Message to the Kremlin

Will they or won't they? It is not certain whether the Russians, by reportedly intensifying activity among Warsaw Pact troops, are preparing for a possible military intervention in Poland or simply increasing psychological pressure on the Poles not to go too far. Perhaps a bit of both. In any case, the West has properly warned the Kremlin of the grave consequences of such an intervention. The leaders of the Common Market have spoken out. So has the White House, and so has the Reagan shop. With the message made clear, the need now will be to refrain from saying or doing anything that might increase the tension.

The fact is, the Russians know only too well the price they would pay for a repetition of their actions in Czechoslovakia in 1968. For one, they could not expect to deal with a supine Polish population. Even if Poles did not resort to armed resistance -- and that could not be ruled out -- their disaffection with past communist regimes is such that resistance could take other forms, such as a nationwide refusal to work. This could be catastrophic for the faltering Soviet and Polish economies. who would feed 35 million Poles?

Then there is detente. Soviet armed intervention in Poland would threaten the structure of East-West relations so carefully built up by the Brezhnev leadership. The economic cooperation the Russians count on would be endangered. Herein lies the dilemma. The Soviet Union and its partners are so plugged into trade with the West that they would have a tough time if thrown on their own.

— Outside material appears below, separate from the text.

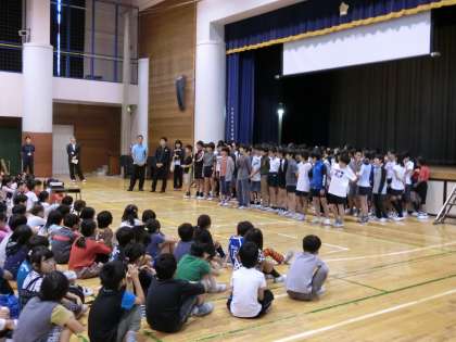 全校朝会 その2 6年生をみんなで応援 (10/19)

In theory, this would be possible given the vast resources of the USSR. But politically it could prove disastrous. Even with Western help the Soviet leaders are barely able to keep their people's standard of living edging upward. Without it, they would have to undo their economic plans, introduce austerity, and tell disgruntled Soviet citizens they must again postpone their aspirations for a better life. The consequences in terms of social unrest can only be imagined.

Yet Poland, ironically, could prove a boon for the Russians as well. The sobering fact for the Kremlin ought to be that the socialist econnomic system is not working. It is merely plunging Poland -- and indeed the whole bloc -- deeply into debt. Without radical changes, neither Poland nor the bloc can hope to turn things around. If Poland manages such reforms -- staying, of course, within the Warsaw Pact and without toppling the communist party -- this could point the way to liberalization elsewhere, even the USSR.

The political risks for Moscow are obvious. The risks for the new Polish leadership are also obvious. Never before has there been an independent trade union movement able to challenge party authority. Yet it looks as if, one by one, political obstacles are being surmounted. The latest news out of Warsaw -- a purge of hardliners from the ruling Politburo -- indicates that leader Stanislaw Kania has strengthened his hand and that the Politburo is moving in a reformist, moderate direction. The political struggle is far from over. But, if Mr. Kania can keep this momentum going and, above all, if the radicals within the free trade unions can be kept under control, the efforts for true reform and democratization could bear fruit.

Surely the men in the Kremlin realize they cannot turn back the clock on Eastern Europe no matter what. They may not like what is happening in Poland. They may fear its impact. But their own long-term interests lie in letting the Poles work things out, for if they squelch them now they will only invite further upheavals in the future. It is hard to believe they will not continue to see the wisdom of a restrained, cautious course.